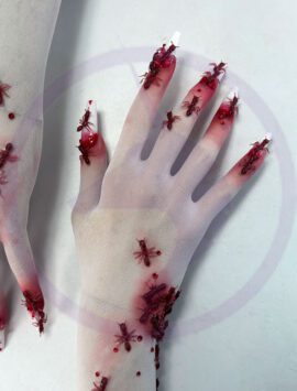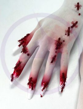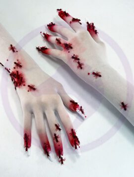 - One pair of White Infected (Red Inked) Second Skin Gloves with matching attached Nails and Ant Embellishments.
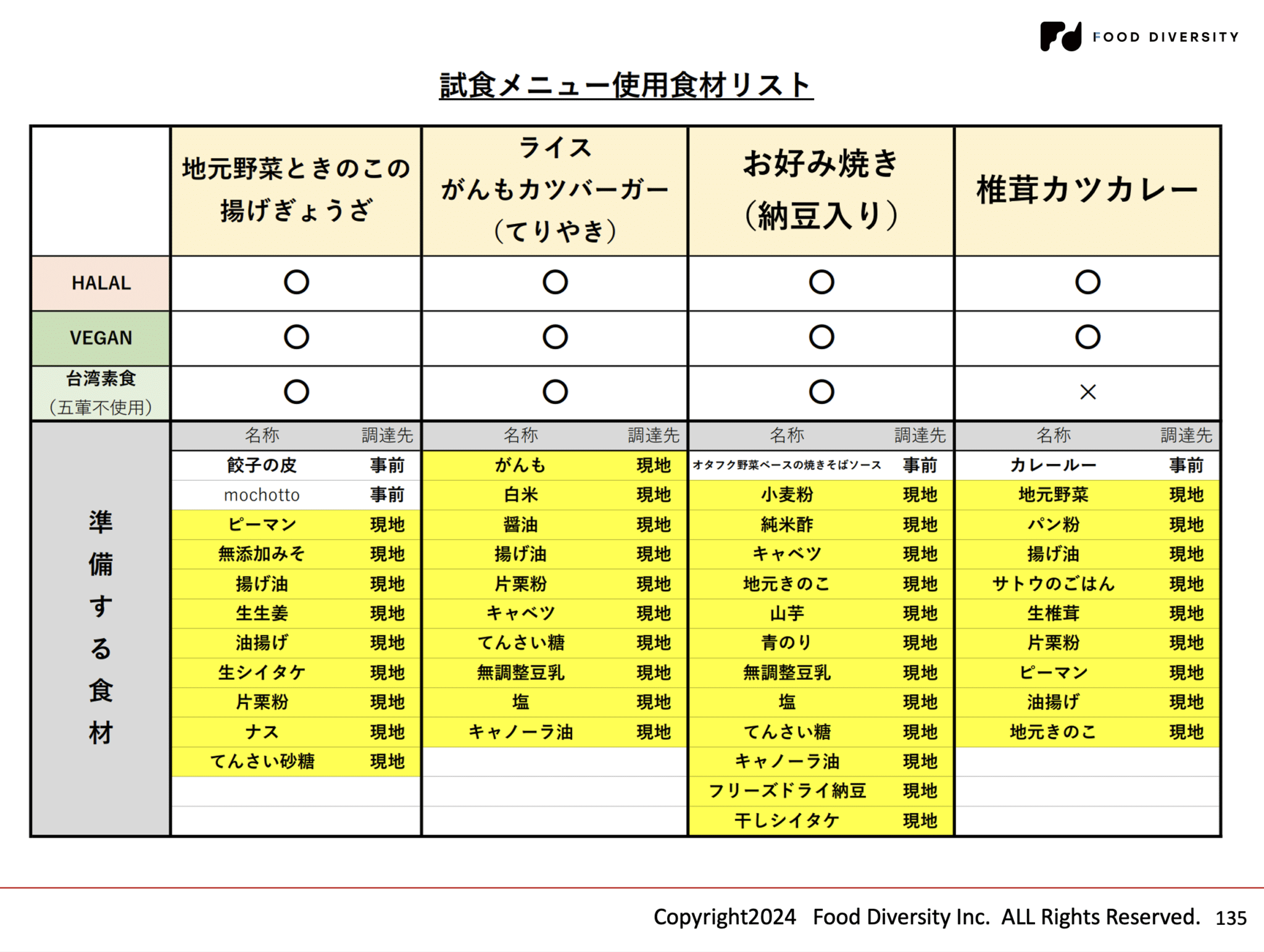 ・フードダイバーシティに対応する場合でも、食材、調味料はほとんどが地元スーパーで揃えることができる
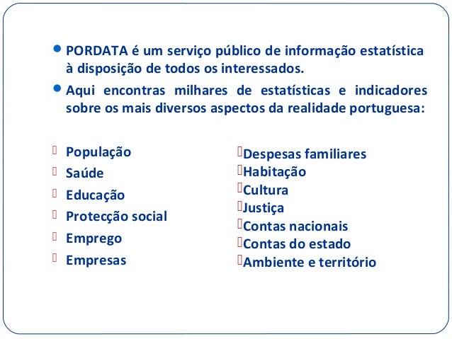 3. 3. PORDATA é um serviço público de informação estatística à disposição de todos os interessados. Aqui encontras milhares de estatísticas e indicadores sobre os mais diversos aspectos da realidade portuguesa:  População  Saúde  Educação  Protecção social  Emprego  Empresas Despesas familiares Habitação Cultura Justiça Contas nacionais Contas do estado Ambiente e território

* **ABOUT THIS TASK**: Take every line of the material and copy it exactly, leaving out the pictures.

* **YOUR RESPONSE**:
 - One pair of White Infected (Red Inked) Second Skin Gloves with matching attached Nails and Ant Embellishments.
 ・フードダイバーシティに対応する場合でも、食材、調味料はほとんどが地元スーパーで揃えることができる
 3. 3. PORDATA é um serviço público de informação estatística à disposição de todos os interessados. Aqui encontras milhares de estatísticas e indicadores sobre os mais diversos aspectos da realidade portuguesa:  População  Saúde  Educação  Protecção social  Emprego  Empresas Despesas familiares Habitação Cultura Justiça Contas nacionais Contas do estado Ambiente e território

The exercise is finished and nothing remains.